Friday , 28 October 2016
Family Searching for Teen Girl

Concerned Family Ask For Publics Help

On January 10, 2014, it is believed that 16-year-old Mariah Cano and her 17-year-old boyfriend, Jairo, ran away from their Oceanside residence have yet to be heard from.

Mariah has family in the local Victor Valley who are asking for the communities help in staying vigilant and reporting any sightings of her.

“she’s been missing since the 10th, and although from the Oceanside area, she could be anywhere.” stated her Victorville cousin, Val Adauto.

Please contact the San Diego Police Dept if spotted: (619) 531-2000

What to do if your child has run away

  1. Immediately call your local law enforcement agency.
  2. After you have reported your child missing to law enforcement, call the National Center for Missing & Exploited Children at 1-800-THE-LOST® (1-800-843-5678).

Ask law enforcement to enter information about your child into the FBI’s National Crime Information Center database, known as NCIC. Federal law requires a specific, timely response from law enforcement agencies. If you have any difficulties getting law enforcement to take a report or enter information about your child into this database see the federal laws listed in the Legal Resources for Runaway Childrensection. Also contact NCMEC at 1-800-THE-LOST (1-800-843-5678) or your missing child clearinghouse.

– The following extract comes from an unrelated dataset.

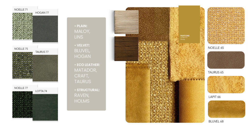 NOELLE upholstery fabric – green and grey palette, structural texture, resistant to intensive use.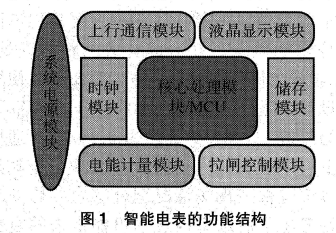 智能電表由核心處理模塊、上行通信模塊(NB - IOT)、電能計(jì)量模塊、時(shí)鐘模塊、存儲(chǔ)模塊、拉閘控制模塊縱及電源模塊等主要模塊組成,功能結(jié)構(gòu)框圖如圖1所示。

When contacting NCMEC be prepared to provide detailed biographical information about your child as well as information about the circumstances surrounding the runaway event.

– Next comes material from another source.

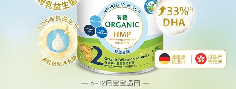 保税区港版 喜宝(HiPP)有机双益HMP较大婴儿奶粉2段 800g

How can NCMEC’s case management team help?

The case management team will coordinate the creation and dissemination of posters to help generate leads. Information about your child must be entered in the FBI’s National Crime Information Center so a poster can be created. The case management team will assist in forwarding leads called into NCMEC to the investigating law enforcement agency. It will also make appropriate referrals to families in crisis and needing emotional support to NCMEC’s Family Advocacy Division and/or Team HOPE.

For available services and support see NCMEC’s Victim and Family Support and Team HOPE services.

What if I believe my child is being victimized through prostitution?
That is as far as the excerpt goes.